Thursday, April 23 (7:30 pm)
sex, lies, and videotape (Miramax, 1989, *R-rated)
It’s a matter of conjecture to pinpoint the beginnings of the American independent film movement, but sex, lies, and videotape has as good a claim as you’re likely to find. First time director-writer Steven Soderbergh’s mesmerizing tale of sexual frustration and release was a surprising sensation, winning the Palm d’Or at the Cannes Film Festival and the Audience Award at Sundance. Its influence on American cinema–then emerging from a rather tepid 1980s–was outsized, and it was named to the National Film Registry in 2006.
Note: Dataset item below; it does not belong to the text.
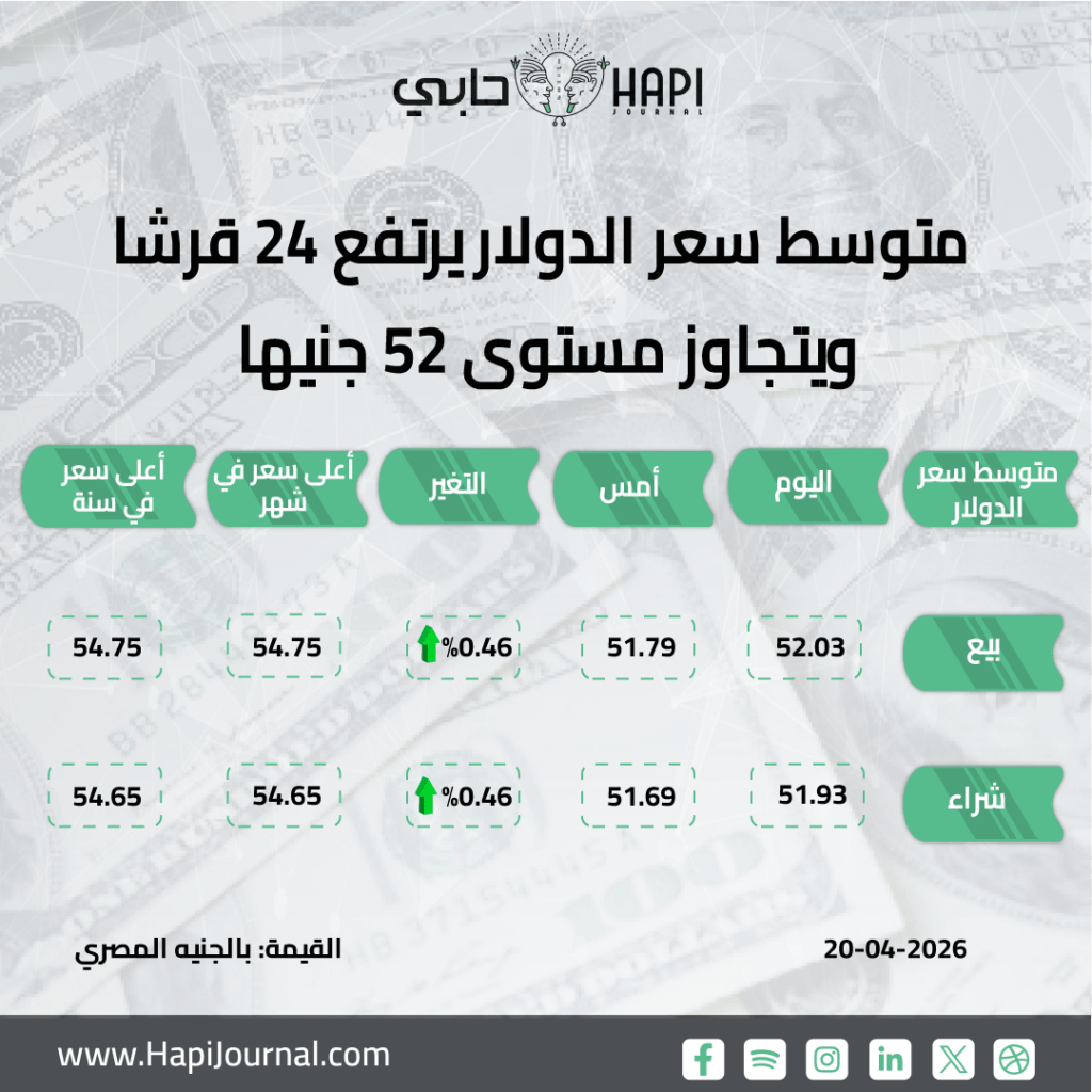 الدولار يرتفع 24 قرشا ليسجل متوسط البيع 52.03 جنيه ختام التعاملات
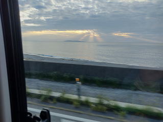 村上で、雲の中から光の筋が粟島を照らしている幻想的な風景をバスの中から見ることができました。

I was initially intrigued by sex,lies, and videotape not only because of the astonishing amount of press it received in the wake of its festival triumphs, but more parochially because it was filmed in Baton Rouge, where Soderbergh’s father was a professor at my alma mater Louisiana State University. So while I don’t recall that Baton Rouge is ever specifically named, to natives it’s unmistakeable. I’m especially fond of the scenes set in The Bayou, a wonderful dive right off campus on Chimes Street, where Laura San Giacomo tends bar and where I spent a regrettable (in hindsight) amount of time my first few semesters.
* No one under the age of 17 will be admitted without a parent or guardian.

Notorious (RKO, 1946)

Friday, April 24 (7:30 pm)
Notorious (RKO, 1946)
Alfred Hitchcock–renowned for his meticulous pre-planning and storyboarding practices–once claimed that the most boring part of filmmaking was actually shooting the film. Perhaps more than any other director, he understood the grammar of film, the multitude of ways in which visual imagery and their juxtaposition via editing impacts the viewer experience (another great Hitchcock quote: “If it’s a good movie, the sound could go off and the audience would still have a perfectly clear idea of what was going on”). Notorious, an exquisitely plotted tale of intrigue and romance, is a case in point. And the cast–Cary Grant, Ingrid Bergman, and Claude Rains–isn’t too shabby either.

 

 

 

North Dallas Forty (Paramount, 1979)

Saturday, April 25 (7:30 pm)
North Dallas Forty (Paramount, 1979, *R-rated)
Based on former Dallas Cowboy wide receiver Peter Gent’s semi-autobiographical novel, North Dallas Forty is a riotously grim, serio-comic satire of professional football, making the National Football League seem less a sports concern and more a delivery vehicle for sex and drugs…especially drugs. Still, few films have so convincingly portrayed the profit-driven and soul-destroying side of professional sports as this film. Nick Nolte stars as the bedraggled wide receiver trying to coax his pain-wracked body through one more season, while singer-songwriter Mac Davis is a revelation–yes, he’s that good–as the hard partying quarterback.
* No one under the age of 17 will be admitted without a parent or guardian.